The first and simplest data-mining algorithm is naive Bayes, which is extremely human-friendly and comprehensible. It showed that the hypothesis metrics do not correlate with real churners. The second method, Decision Trees, revealed that a few of my ideas were actually quite useful, but not enough to boost the prediction precision to the top.
Data Mining algorithms 101: Naive Bayes is great at preliminary dataset analysis and highlighting correlations between variables. Decision Tree reduces the dataset into distinct subsets, separating the churners from happy players. These methods are both human-readable, but quite different in their underlying math and practical value.

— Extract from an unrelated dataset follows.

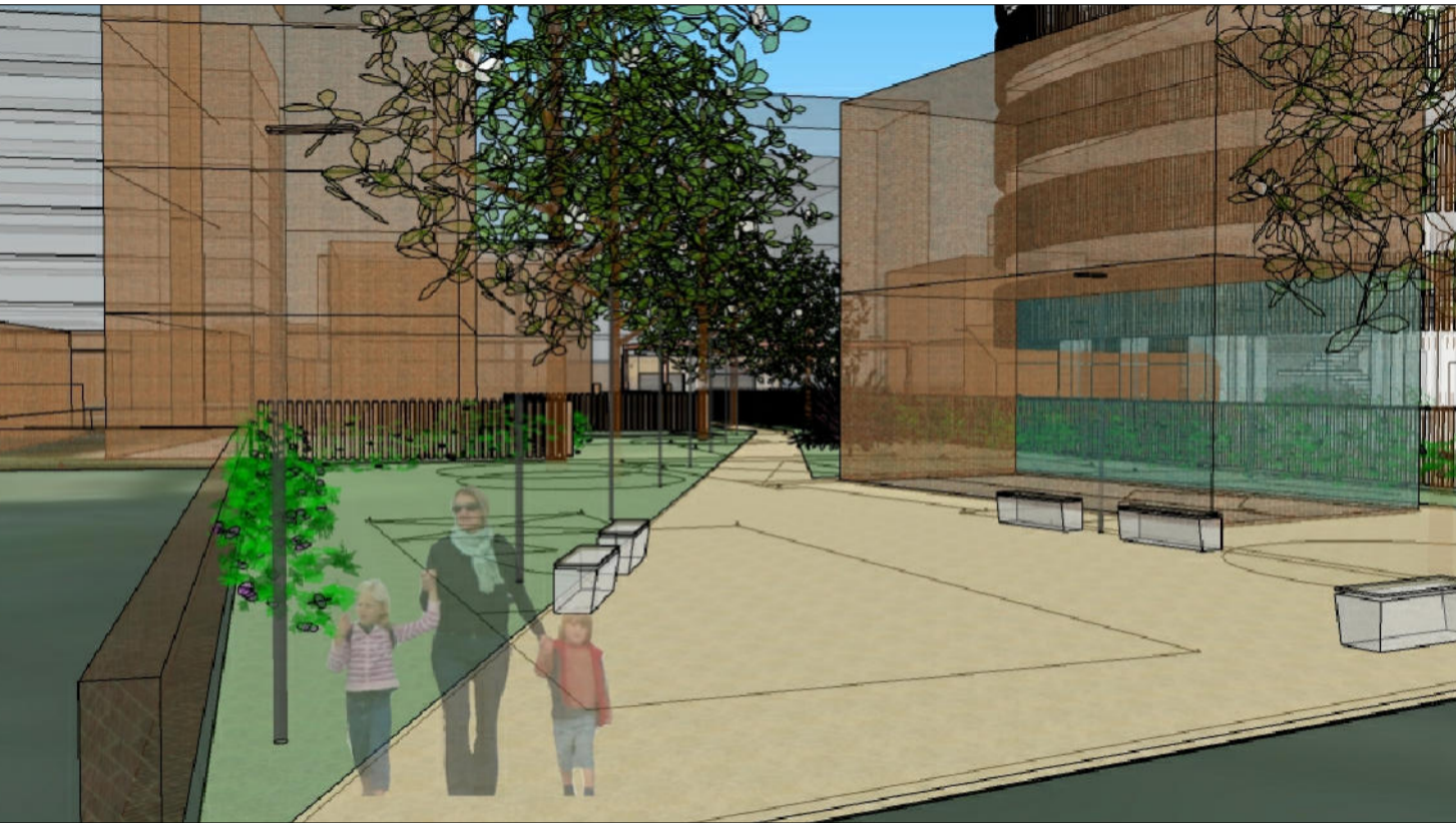
Oggetto : Planovolumetrico di progetto

data consegna: novembre 2021 scala : 1:200 tav. : 7 adottato: approvato:

Neural Network is essentially a black box capable of taking complex variable relations into account, and producing better predictions, at the cost of being completely opaque for the developer.
I brainstormed with the Aion team, and we had a great time discussing our newbie players -- who they are, how they play, and their distinct traits. We remembered how our friends and relatives first stepped into the game and how their experience was.
The result of this brainstorming session was a revised list of in-game factors affecting newbie gameplay (had she expanded the inventory size, bound the resurrection point, and used the speed movement scrolls?) and also the brilliant idea of measuring the general in-game activity of players.
We used the following metrics:
By that time, we had also completely revamped the ETL part (extraction, transformation, and loading of data) and our SQL engineer made a sophisticated SSIS-based game log processor, focused on scalability and the addition of new game events from logs. Given the gigabytes of logs available, it was essential that we be able to add a new hypothesis easily.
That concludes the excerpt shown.